Rosenblatt, Frank. “The perceptron: a probabilistic model for information storage and organization in the brain.” Psychological review 65.6 (1958): 386.
Original Paper PDF
?
RBF
?? ? ?Radial basis function (RBF)?networks are FFNNs with radial basis functions as activation functions. There’s nothing more to it. Doesn’t mean they don’t have their uses, but most FFNNs with other activation functions don’t get their own name. This mostly has to do with inventing them at the right time.
?? ? ?徑向基函數網絡是以徑向基函數為激活函數的神經網絡。沒有別的了。這并不意味著它們沒有自己的用途,但是大多數帶有其他激活函數的FFNNs都沒有自己的名稱。這主要與在正確的時間發明它們有關。
Broomhead, David S., and David Lowe. Radial basis functions, multi-variable functional interpolation and adaptive networks. No. RSRE-MEMO-4148. ROYAL SIGNALS AND RADAR ESTABLISHMENT MALVERN (UNITED KINGDOM), 1988.
Original Paper PDF
?
RNN
? ? ? Recurrent neural networks (RNN)?are FFNNs with a time twist: they are not stateless; they have connections between passes, connections through time. Neurons are fed information not just from the previous layer but also from themselves from the previous pass. This means that the order in which you feed the input and train the network matters: feeding it “milk” and then “cookies” may yield different results compared to feeding it “cookies” and then “milk”. One big problem with RNNs is the vanishing (or exploding) gradient problem where,?depending?on the activation functions used, information rapidly?gets lost over time, just like very deep FFNNs lose information in depth. Intuitively this wouldn’t be much of a problem because these are just weights and not neuron states, but the weights through time is actually where the information from the past is stored; if the weight reaches a value of 0 or 1 000 000, the previous state won’t be very informative. RNNs can?in principle be used?in many fields as most forms of data that don’t actually have a timeline (i.e. unlike sound or?video) can be represented as a sequence. A picture or a string of text can be fed one pixel or character at a time, so the time dependent weights are used for what came before in the sequence, not actually from what happened x seconds before. In general, recurrent networks are a good choice for advancing or completing information, such as?autocompletion.

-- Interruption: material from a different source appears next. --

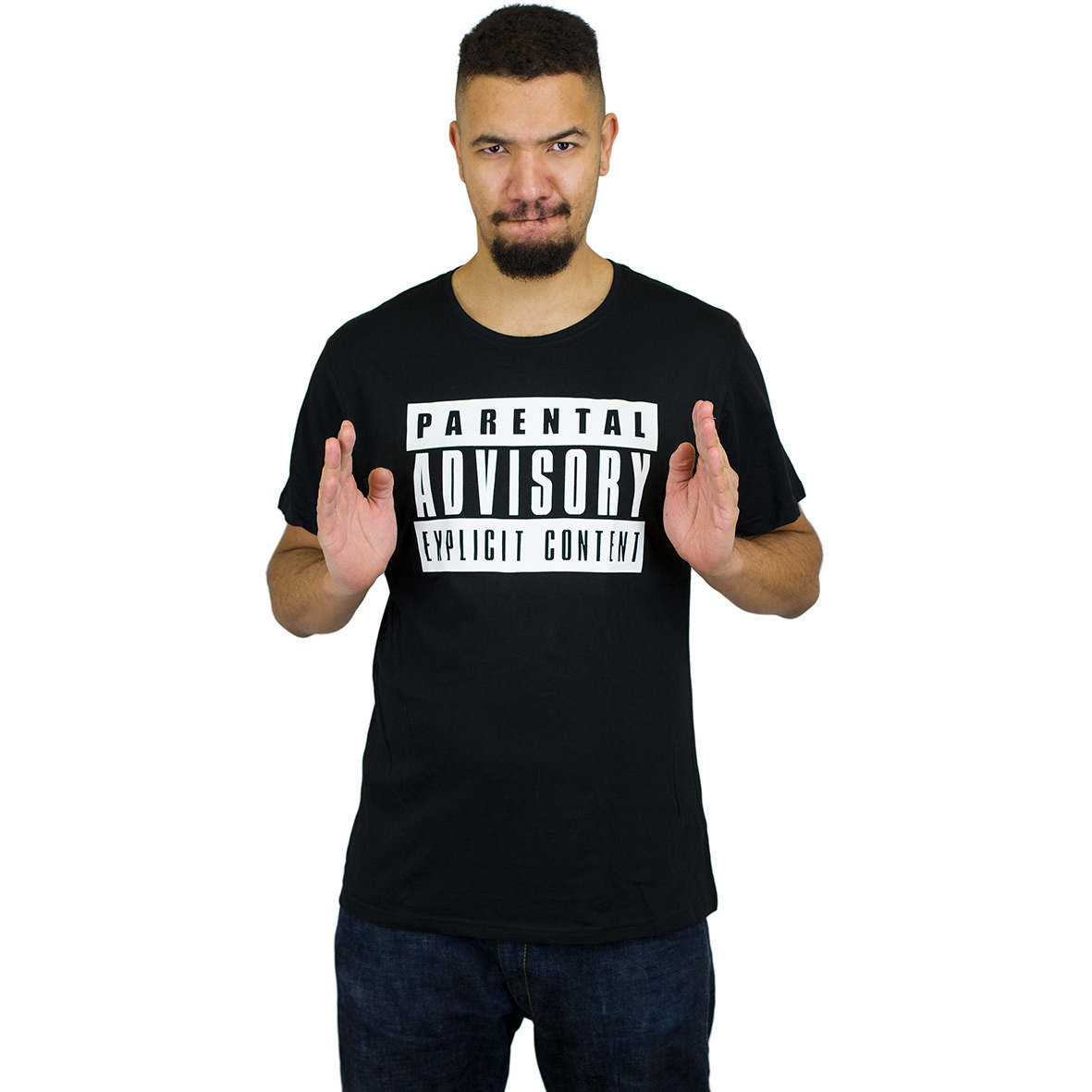 Must-Have T-Shirt für alle Hip Hop Heads: Schwarzes „Parental Advisory“ T-Shirt mit dem bekannten Warnhinweis auf der Front. Du musst gewarnt sein: Fetter Style für deinen Kleiderschrank!

?? ? ? 遞歸神經網絡(RNN)是具有時間扭曲的FFNNs:它們不是無狀態的;它們之間有聯系,時間上的聯系。神經元不僅接受來自前一層的信息,還接受來自前一層的自身信息。這意味著輸入和訓練網絡的順序很重要:先給它“牛奶”,然后再給它“餅干”,與先給它“餅干”,然后再給它“牛奶”相比,可能會產生不同的結果。

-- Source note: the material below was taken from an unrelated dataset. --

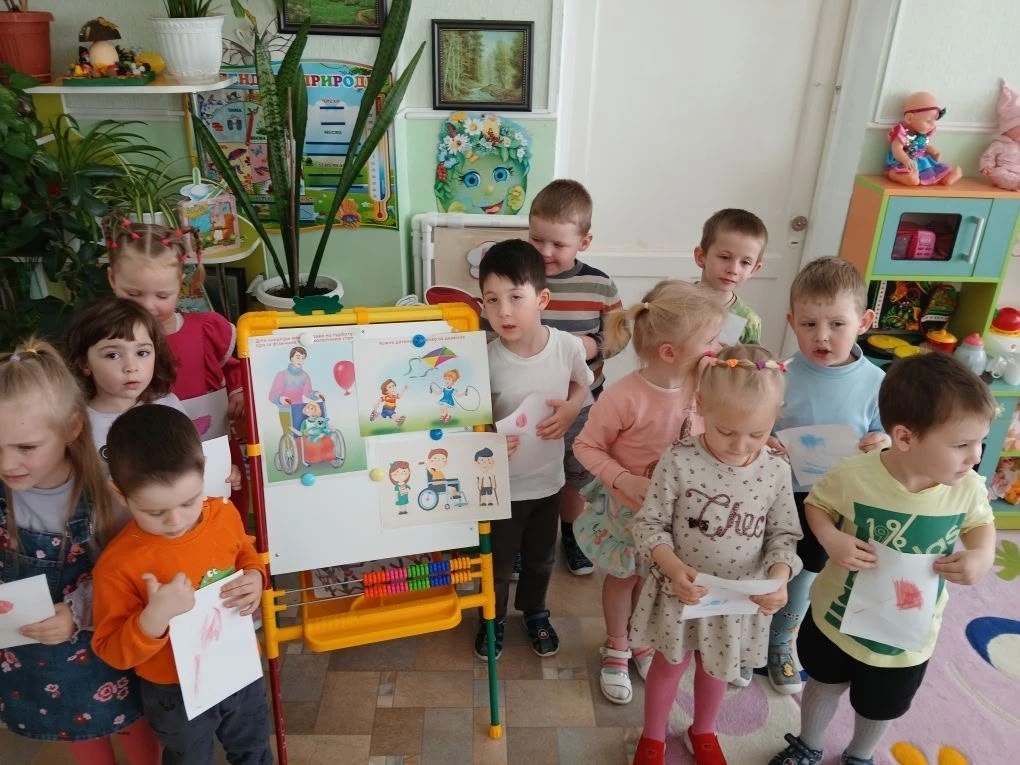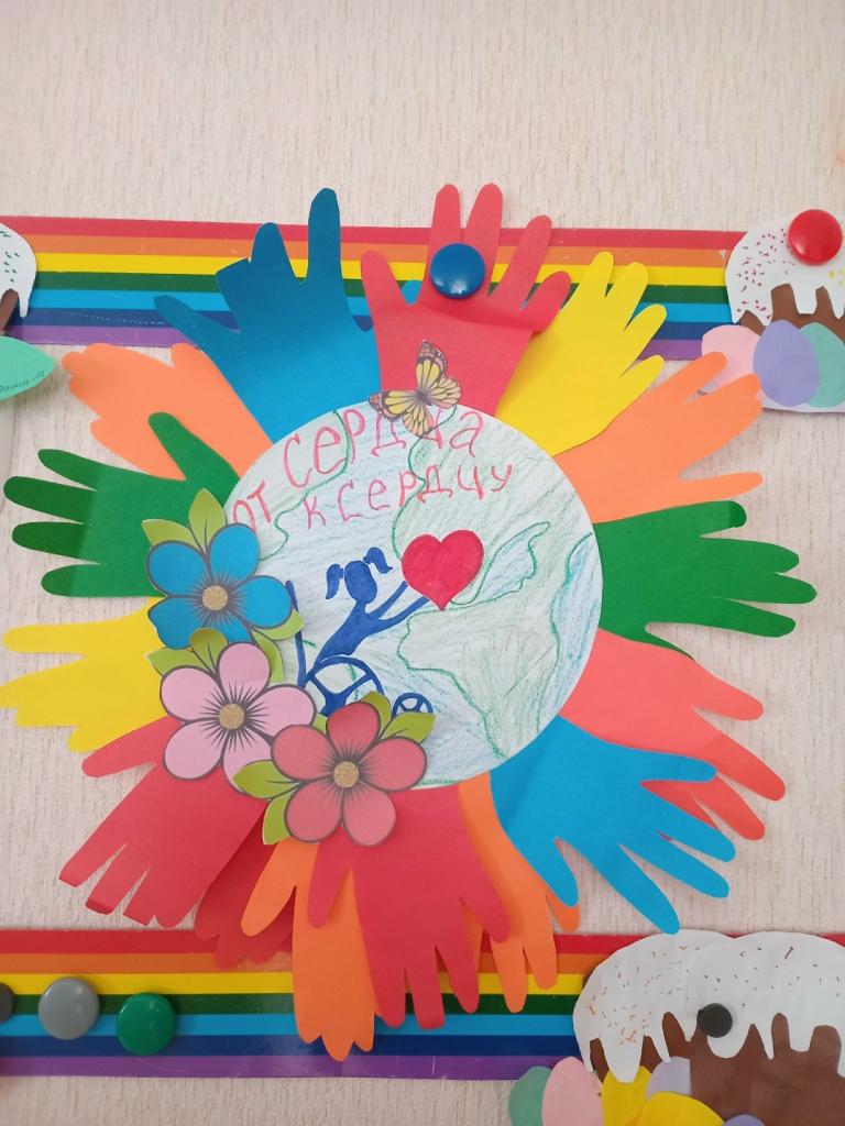 В рамках проекта течении недели воспитатели всех возрастных групп рассказывали детям о людях - инвалидах, которые живут рядом с нами и несмотря на недуги, живут и радуются жизни. Вместе с воспитанниками выясняли, что такое добро, рассказывали, какие они добрые поступки совершили. Дети просматривали видеоролики, мультфильмы, читали рассказы и сказки по тематике, учились помогать героям искать правильные пути к достижению целей и этому в первую очередь помогала доброта окружающих людей, забота, внимание и дружба. Ребята рисовали, лепили и клеили аппликации по данной теме.

?? ? ?RNNs的一個大問題是消失(或爆炸)梯度問題,根據使用的激活函數,隨著時間的推移,信息迅速丟失,就像非常深的FFNNs在深度上丟失信息一樣。直覺上這不會是個大問題因為這些只是權重而不是神經元的狀態,但是時間的權重實際上是儲存過去信息的地方;如果權重達到0或1,000 000,則前面的狀態不會提供太多信息。
?? ? ?RNNs原則上可以在許多領域中使用,因為大多數沒有時間軸的數據形式(與聲音或視頻不同)都可以表示為序列。一張圖片或一串文本可以一次輸入一個像素或字符,所以時間相關的權重用于序列中之前發生的內容,而不是x秒之前發生的內容。一般來說,遞歸網絡是一個很好的選擇,用于推進或完成信息,如自動完成。
Elman, Jeffrey L. “Finding structure in time.” Cognitive science 14.2 (1990): 179-211.
Original Paper PDF
?
LSTM
?? ? ? Long / short term memory (LSTM)?networks try to combat the vanishing / exploding gradient problem by introducing gates and an explicitly defined memory cell. These are inspired mostly by circuitry, not so much biology. Each neuron has a memory cell and three gates: input, output and forget. The function of these gates is to safeguard?the information by stopping or allowing the flow of it. The input gate determines how much of the information from the previous layer gets stored in the cell. The output layer takes the job on the other end and determines how much of the next layer gets to know about the state of this cell. The forget gate seems like an odd inclusion at first but sometimes it’s good to forget: if it’s learning a book and a new chapter begins, it may be necessary for the network to forget some characters from the previous chapter. LSTMs have been shown to be able to learn complex sequences, such as writing like Shakespeare or composing primitive music. Note that each of these gates has a weight to a cell in the previous neuron, so they typically?require more resources to run.
? ? ? ?長/短期內存(LSTM)網絡試圖通過引入門和顯式定義的內存單元來解決漸變消失/爆炸的問題。這些靈感主要來自電路,而不是生物學。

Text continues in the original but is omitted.